Conversely, if less than 50% of the resulting consolidation consists of CIPT taxable land, the consolidated land will not be CIPT taxable land.

Where CIPT taxable land is subdivided, each subdivided lot will be CIPT taxable land, and will be deemed to have become CIPT taxable land at the time of entry into the CIPT system of its parent lot.

Further interests

Where land becomes CIPT taxable land as the result of the acquisition of a 100% interest in that land, any subsequent dutiable transactions over that land will (provided the qualifying industrial or commercial use is maintained) not be subject to duty.

Where land becomes CIPT taxable land as the result of the acquisition of a less than 100% interest in that land, a dutiable transaction over a further interest in the land that occurs within three years of the land becoming CIPT taxable land may be subject to duty. Note that the transacted interest must be a different interest to:

  • the interest that caused the land to become CIPT taxable land; and
  • any further interest acquired after the land became CIPT taxable land that has already been assessed to duty.

Where the dutiable transaction that causes land to become CIPT taxable land, and any dutiable transactions over further interests constitute, in aggregate, the acquisition of a 100% interest in the land, any subsequent dutiable transactions over the land will (provided the qualifying industrial or commercial use is maintained) not be subject to duty.

Acquisitions of further interests in landholders may also be aggregated in a manner that is effectively equivalent to that described above in respect of dutiable transactions over land.

Transitional loans

Subject to eligibility criteria, a person acquiring an interest in land which causes that land to become CIPT taxable land will have the option to obtain a transitional loan from the Victorian Government to finance payment of the duty liability.
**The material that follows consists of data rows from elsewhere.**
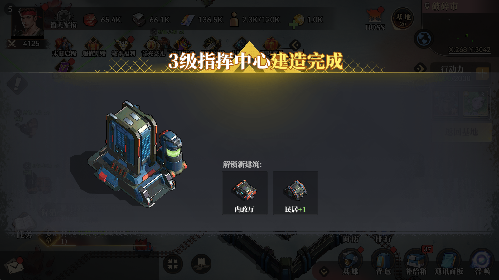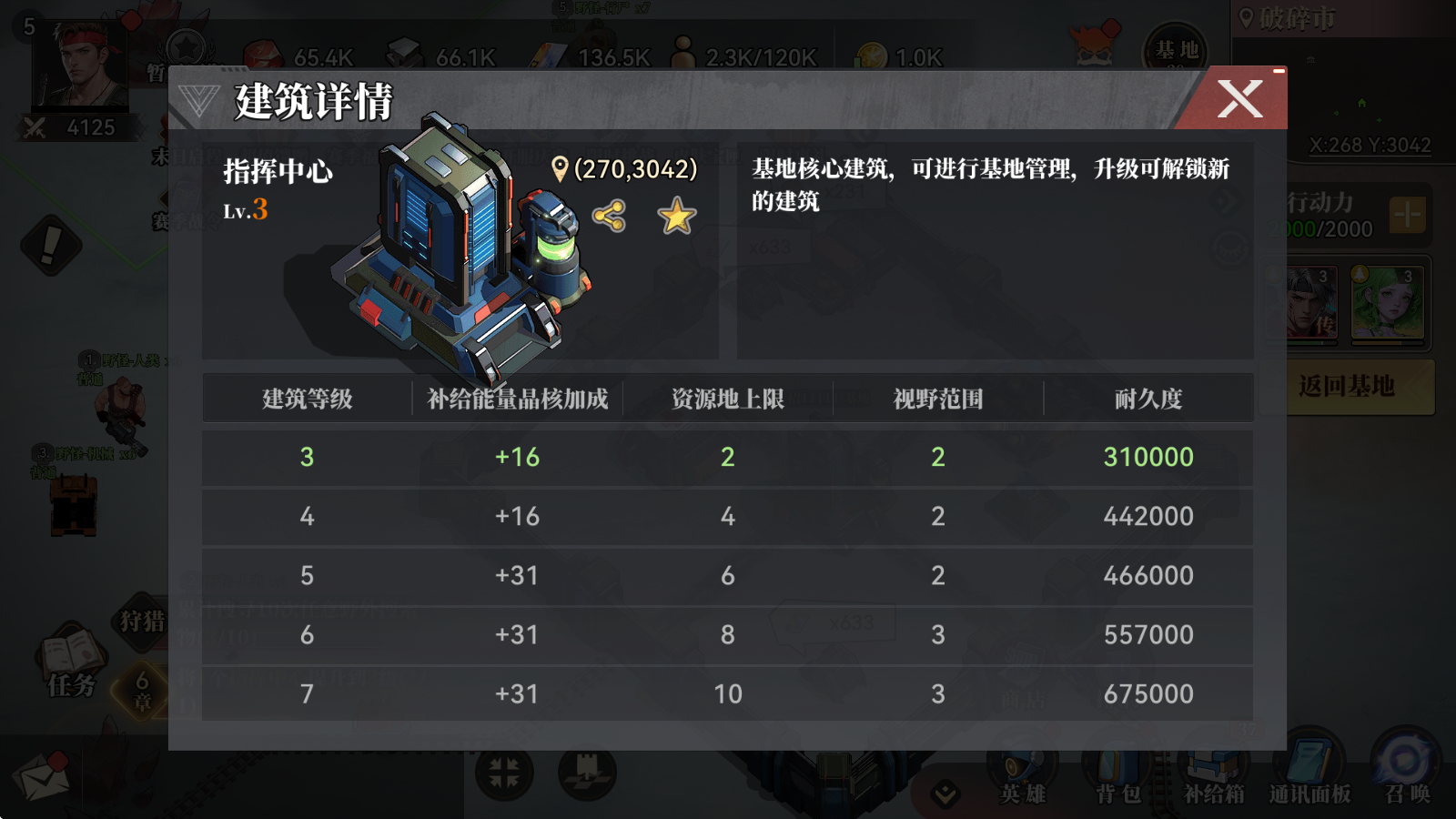 7.巧用新手保护机制:新手保护机制的时间为24小时(或指挥中心升到12级)在此期间优先发展基建和英雄战力,积蓄足够的战力和基础物资后发展防御工事性价比更高。
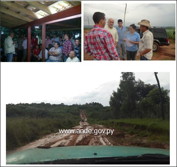 A pesar de la inclemencia del tiempo y las grandes dificultades del camino, el Presidente de la Administración Nacional de Electricidad (ANDE), Ing. Victor Romero Solis, acompañado de su equipo técnico, se trasladó hasta la ciudad de Tava`i, Dpto. Caazapá para reunirse con dirigentes sociales y pobladores de la zona, a fin de informarles el estado de los proyectos a ser ejecutados para la regularización de las conexiones clandestinas conectadas en forma precaria a las redes de Media Tensión.
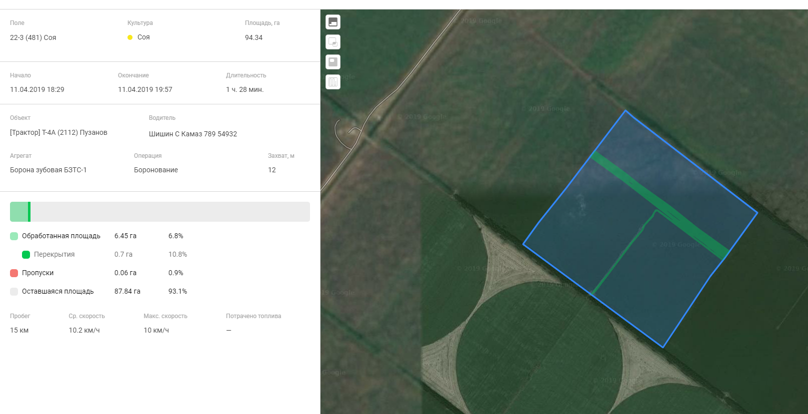Если посмотреть на весь трек за определенный день и регистрируемую за тот же день работу на поле, то можно увидеть разницу. Поля находятся впритык друг к другу и некоторые операции делаются на них подряд, без разделения.

The Bill, together with guidance issued by the Victorian Government, provides that the transitional loan will have the following features:

  • a commercial market-based interest rate will apply, calculated at the beginning of the transitional loan;
  • a 10-year repayment term will apply (matching the transitional period), with annual repayments commencing 12 months following settlement;
  • a break fee will apply to early repayments;
  • the transitional loan cannot be novated or transferred to a subsequent purchaser;
  • in the event the land ceases to have a qualifying commercial or industrial use, or is sold, the borrower will be obligated to repay the transitional loan’s remaining balance; and
  • the amount owed under the transitional loan will be a first charge on the borrower’s interest in the CIPT taxable land, and this charge will have priority over all other encumbrances to which this interest is subject, including any charges arising or imposed under any other act (e.g. CIPT or land tax).

Change of use

Where CIPT taxable land ceases to have a qualifying commercial or industrial use (or if such land, whilst not having a qualifying commercial or industrial use, starts to have such a use), the owner of the land will be required to notify the Commissioner within 30 days of the change of use.

Whilst CIPT taxable land does not have a qualifying commercial or industrial use:

  • CIPT will not apply to the land (as noted above, CIPT liability is determined at 31 December each year); and
  • duty will apply to any dutiable transactions or relevant acquisitions in respect of this land as normal.

Where CIPT taxable land ceases to have a qualifying use, and a person that holds an interest in the land at the time of the change of use was exempted from duty on the acquisition of that interest by virtue of the land being subject to the CIPT system, the owner of that interest will be subject to ‘change of use’ duty.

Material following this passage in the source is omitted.